I ordered tyvek aprons off the internet (I tried the builders tyvek, but it has coloring on it and it won't cover up with paint). I went to a buddy's house and drew a template off a giant goose shell decoy and cut the aprons out using that template. Then, I shocked my wife when I asked if I could use her sewing machine and put two cutouts together. I used some political signs for the stake and also to add something on the inside of the rag to help keep it open. I set 5 swan rags on the downwind side of my spread and the one that I killed would have landed within 15 yards of my layout boat had I not shot it. About 15 minutes after shooting mine, a flock of 20 swans landed next to the rags and swam/walked around for a couple of minutes before heading out. My rags aren't pretty, but they take up almost no room and are super light. As you can tell from the picture of the rag set in the mud, my sewing skills suck!

I hope this helps!


----------



## TimJ (May 17, 2012)

Thanks Jeff! I appreciate it. I'm going to try to get out this weekend.


----------



## CPAjeff (Dec 20, 2014)

TimJ said:


> Thanks Jeff! I appreciate it. I'm going to try to get out this weekend.

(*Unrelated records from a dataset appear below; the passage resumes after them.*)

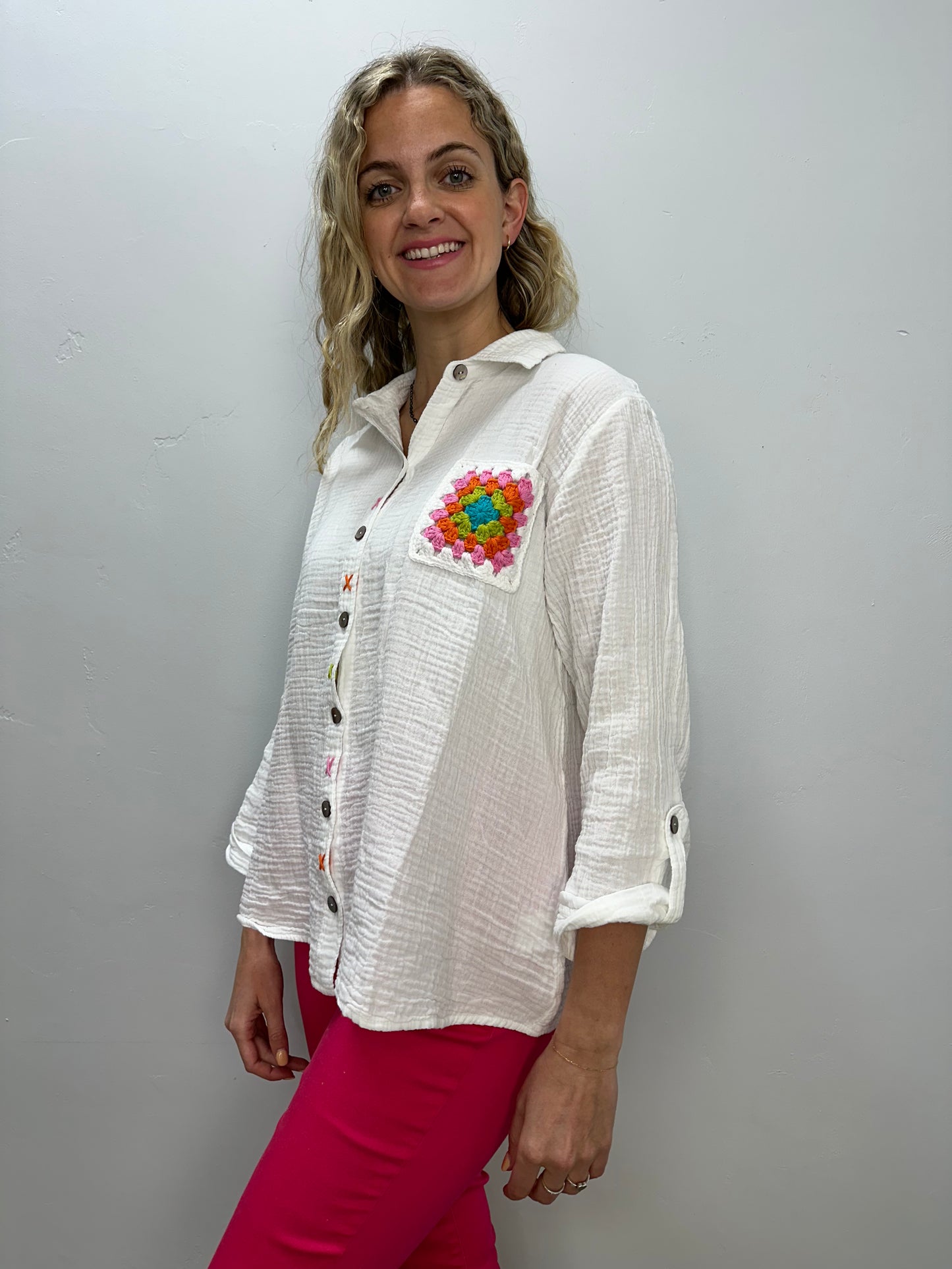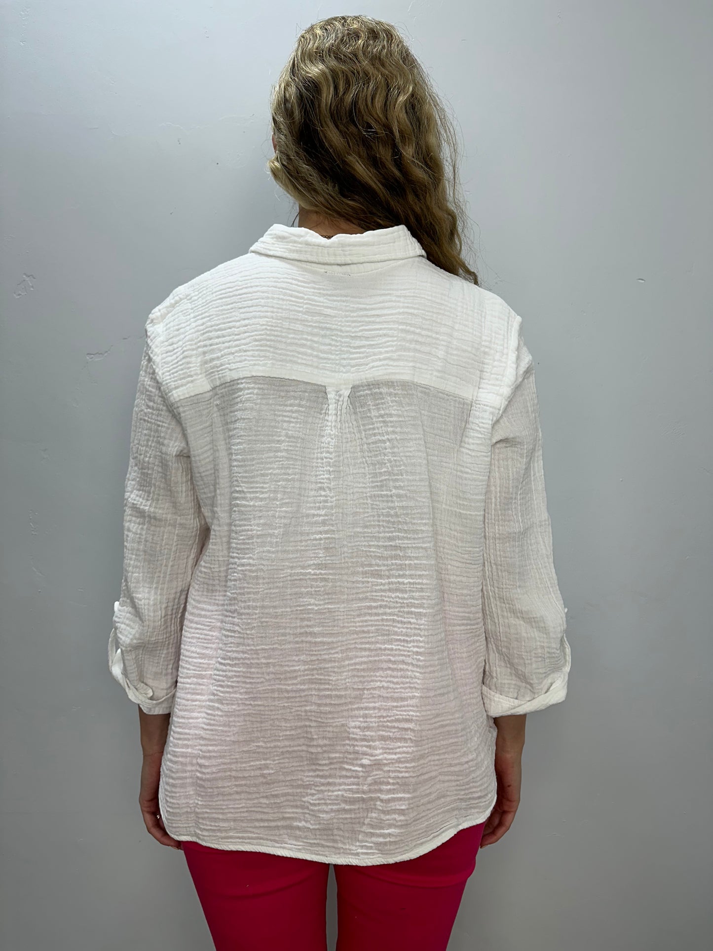 Regular price $67.90Experience ultimate comfort in the White Button Down 100% Cotton Top. Made with 100% cotton fabric, this top offers a soft and breathable feel. The 3/4 sleeves provide a touch of elegance while the cute pop of color on the front pocket adds a fun twist. Get ready to look adorable and feel amazing in this must-have top!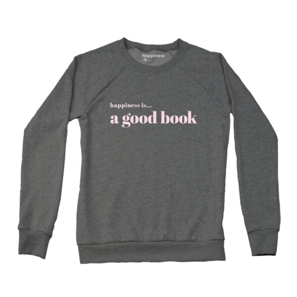 Women’s Good Book Crew Sweatshirt, Charcoal | Happiness Is Inc, Made In Canada
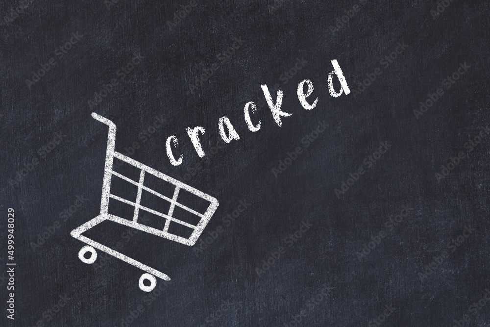 Chalk drawing of shopping cart and word cracked on black chalboard. Concept of globalization and mass consuming
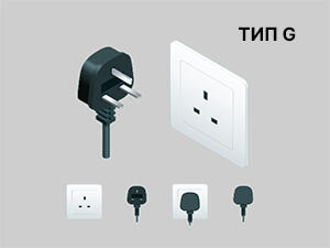 Здесь розетки типа G — три прямоугольных “пальца”, как в Англии.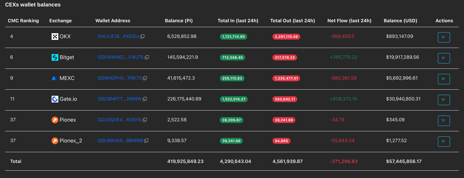 Los datos de PI scan muestran que los Intercambios Centralizados (CEX) han registrado un flujo neto de salida de 271.296 tokens PI en las últimas 24 horas, lo que sugiere una renovada presión de compra a medida que la confianza de los inversores se reconstruye.
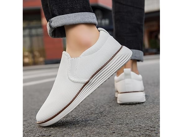 XKOWUO Mens Loafers Slip on Boat Shoes Non Slip Walking Sports Fashion Driving Casual Office Shoes Gym Lightweight Comfortable Sneakers White 9.5

Anytime! Good luck, and post your success!


----------



## goosefreak (Aug 20, 2009)

sweet! I need to find me a place to shoot my swan!

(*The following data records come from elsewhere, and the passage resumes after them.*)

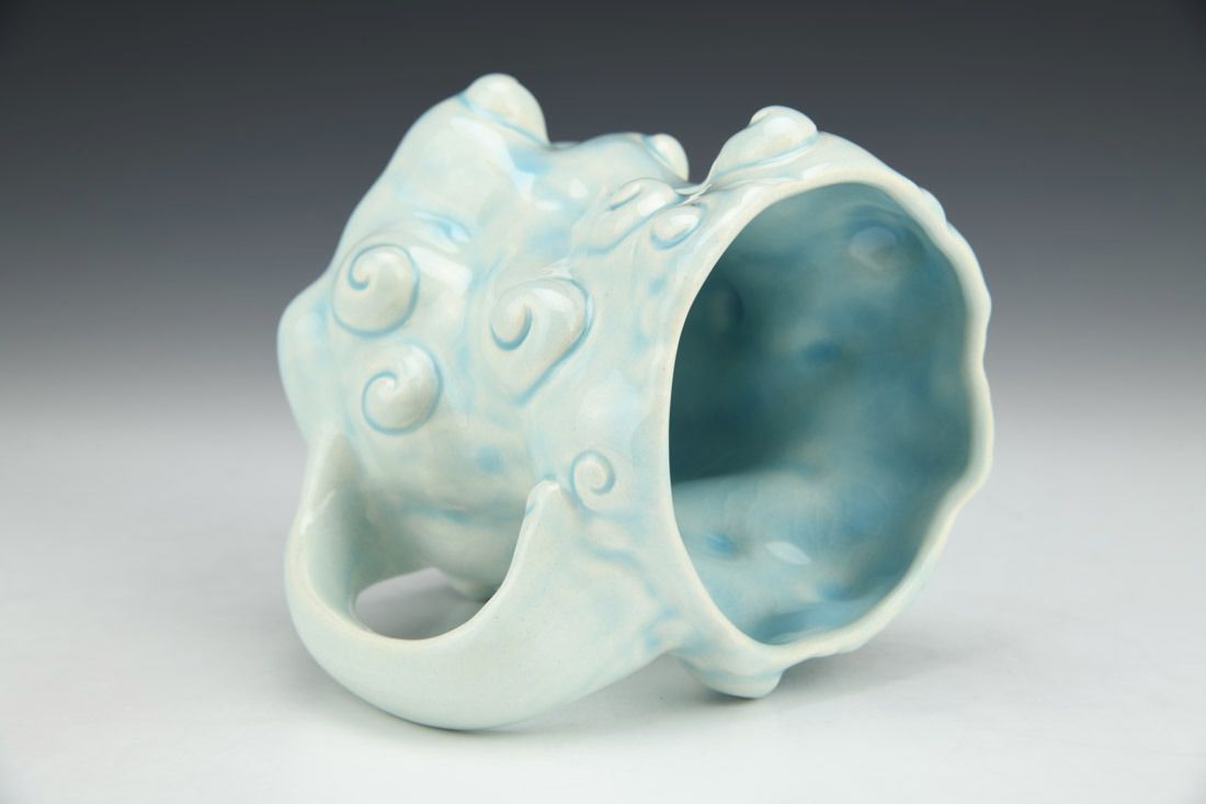 Porcelain, slipcast, glaze, cone 6 electric fired, 4.75 x 6 x 4.25 inches.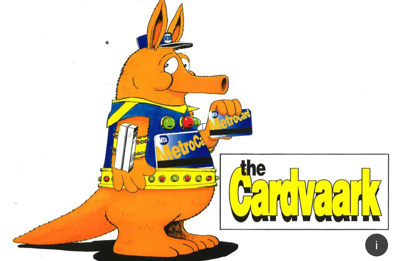 The Cardvaark was a proposed mascot for the MetroCard as it was being developed, presented to MTA executives in 1993. Seen here holding a MetroCard in the old primarily blue design, he has a card swiper on his right arm, presumably to instruct New Yorkers on how this new swiping technology works. He also has something of a Mona Lisa smile; the cheeky grin, the raised brow, the slightly unfocused gaze, just what is he thinking? They started to price out costumes and discuss which stations the Cardvaark would be at to pump people up about this new transit development when an unknown executive smothered the poor Cardvaark in its cradle, never to see the light of day. To have eaten his graven image on an ice cream cake would have been a zenith of my year, and to have missed the opportunity is one of my great regrets, not just for 2025 but in life.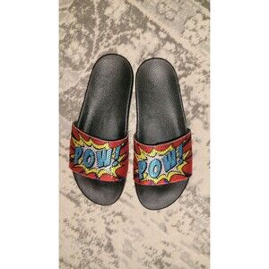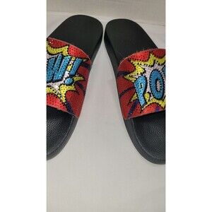 INC Womens Sparkly Pow Bling Slip On Slide Sandals Shoes US 11 M Black Red Multi-colored. Great for the pool. Pre-owned, there maybe some missing rhinestones. But lots of life left. Smoke-free and pet-free home. See pictures and ask any questions.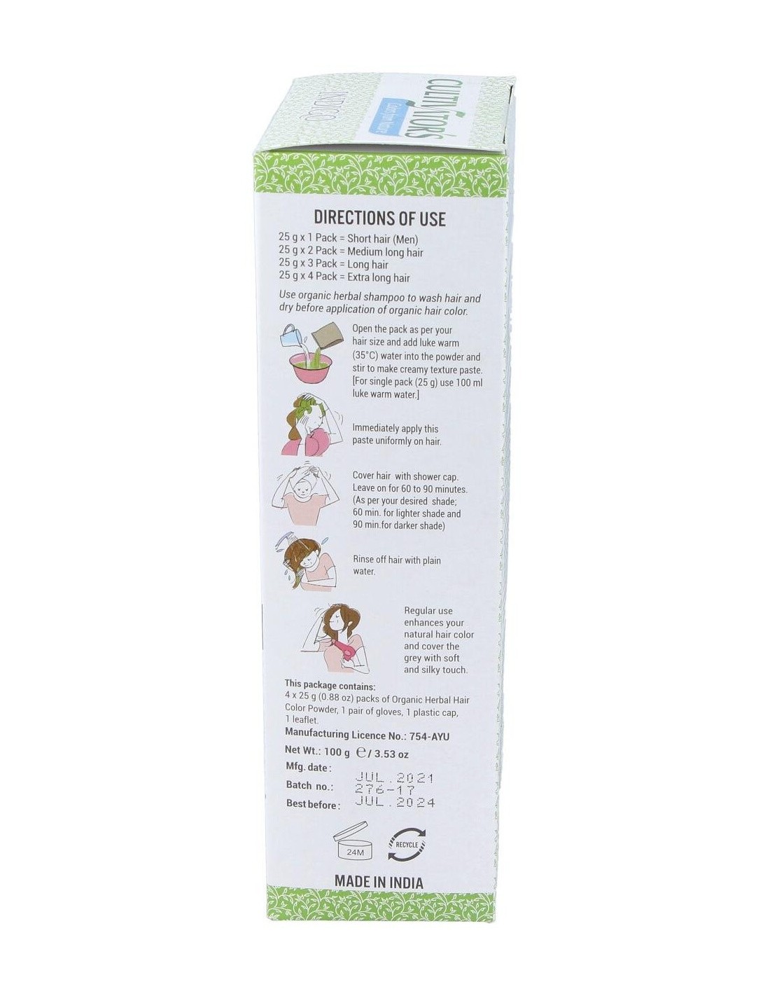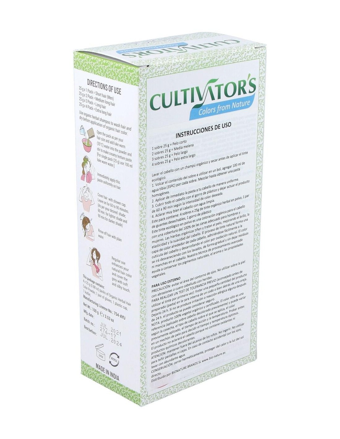 Lavar el cabello con un champú orgánico y secar antes de aplicar el tinte ecológico. Abrir el sobre o los sobres a utilizar según largo del pelo y volcar el contenido en un bol, agregar 100 ml de agua tibia (35ºC) por cada sobre. Mezclar hasta obtener una pasta homogénea. Aplicar de inmediato la pasta a tu cabello de manera uniforme. Cubrir todo el cabello con el gorro de plástico y dejar actuar el producto de 60 a 90 min según intensidad de color deseada (60 min para obtener un tono más claro y 90 min para la máxima intensidad de cada color). Aclarar muy bien el cabello con agua limpia.

for what its worth: As for the 3" shells comments, well I don't even shoot 3.5" at turkeys let alone ducks and geese. 3" is all you need

I'v said it before, I think 3.5" shells are a gimmick


----------



## CPAjeff (Dec 20, 2014)

goosefreak said:


> for what its worth: As for the 3" shells comments, well I don't even shoot 3.5" at turkeys let alone ducks and geese. 3" is all you need
> 
> I'v said it before, I think 3.5" shells are a gimmick


I don't even own a gun that'll shoot those shells. Some people swear by them, and to each their own! I know a guy that shoots a 20 gauge exclusively and I am thinking about picking one up and giving it a try.


----------



## Fowlmouth (Oct 4, 2008)

CPAjeff said:


> I don't even own a gun that'll shoot those shells. Some people swear by them, and to each their own! I know a guy that shoots a 20 gauge exclusively and I am thinking about picking one up and giving it a try.

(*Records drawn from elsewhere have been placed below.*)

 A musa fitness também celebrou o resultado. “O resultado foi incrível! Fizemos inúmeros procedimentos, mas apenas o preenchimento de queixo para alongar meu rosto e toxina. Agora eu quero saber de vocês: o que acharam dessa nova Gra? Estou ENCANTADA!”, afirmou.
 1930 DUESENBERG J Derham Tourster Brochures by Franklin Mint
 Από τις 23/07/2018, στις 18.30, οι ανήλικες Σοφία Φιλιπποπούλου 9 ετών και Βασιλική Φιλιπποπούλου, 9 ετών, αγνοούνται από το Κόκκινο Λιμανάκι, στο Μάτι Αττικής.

I NEVER buy 3.5" shells, I do however have 2 shotguns that are capable of shooting them. My next gun will be a Franchi Affinity in 20 ga. I am getting bored with the 12 gauges and want to try something different. When my daughter goes with me I sometimes grab her Mossberg Bantam 20 ga. and blast away with it. I'm sure it looks funny when I'm holding that little pink camo gun, but man oh man it's fun crushing ducks with a 20. I think a 28 ga. is in the future too.


----------



## CPAjeff (Dec 20, 2014)

Fowlmouth said:


> I am getting bored with the 12 gauges and want to try something different. When my daughter goes with me I sometimes grab her Mossberg Bantam 20 ga. and blast away with it. I'm sure it looks funny when I'm holding that little pink camo gun, but man oh man it's fun crushing ducks with a 20. I think a 28 ga. is in the future too.


I am going to get the 20 for the same reason. I am debating between the Franchi Affinity, Benelli M2, and the Weatherby SA-08.

Toasty seems to have some amazing results with his loads in a 28, I might have to get a 28 as well in the future.


----------



## fish-n-fool (May 26, 2009)

I'm really liking my affinity and have always shot 20 guage. I shoot ducks and geese right along side my buddies shooting 12's. All day long. And at the same ranges. Just have to be a better shot you have less bb's. And so much easier on the shoulder. The affinity for the money is a great gun, easy to clean, take apart, and very reliable cold weather gun. This is my second season and its really starting to feel broke in finally and is smooth as they get.


----------



## CPAjeff (Dec 20, 2014)

fish-n-fool said:


> I'm really liking my affinity and have always shot 20 guage. I shot ducks and geese right along side my buddies shooting 12's. All day long. And at the same ranges. Just have to be a better shot you have less bb's. And so much easier on the shoulder. The affinity for the money is a great gun, easy to clean, take apart, and very reliable cold weather gun. This is my second season and its really starting to feel broke in finally and is smooth as they get.


Thanks for the info about the Franchi! I will pattern my 20, when I get it, but what combo of shell and choke seem to pattern best out of yours?


----------



## fish-n-fool (May 26, 2009)

I was shooting the modified chock that came with the gun when I first got it and it was way to tight. I switch to the IC choke that also came with the gun and still feel it's shooting a little tight for my liking because I shoot over decoys and may go to the open choke I also shoot Kents #2,3,4 Liking the 4's right now with the tighter pattern I am getting. I may switch over the the federal blue box after seeing fowl mouth smoke one last Thursday. Lets just say it was way out there and it was dead before it hit the ground. we also had to swat one on the water and was very impressed with the amount of bb's on the bird very uniformed. but he shoots a twelve so I expected that.

The franchi shotguns are built by *Benelli* since 1998 and use the *Benelli mobil chock system. 
*So be careful if you get a after market chock tube.

*But these guns are not a knock off benelli they are built to franchi's standards.*

Also if you go with the Franchi it has a no hassle 7 YEAR Warranty. Hard to beat.


----------



## JuniorPre 360 (Feb 22, 2012)

goosefreak said:


> sweet! I need to find me a place to shoot my swan!
> 
> for what its worth: As for the 3" shells comments, well I don't even shoot 3.5" at turkeys let alone ducks and geese. 3" is all you need
> 
> I'v said it before, I think 3.5" shells are a gimmick


If you haven't killed your swan in the next two weeks, get back to me.


----------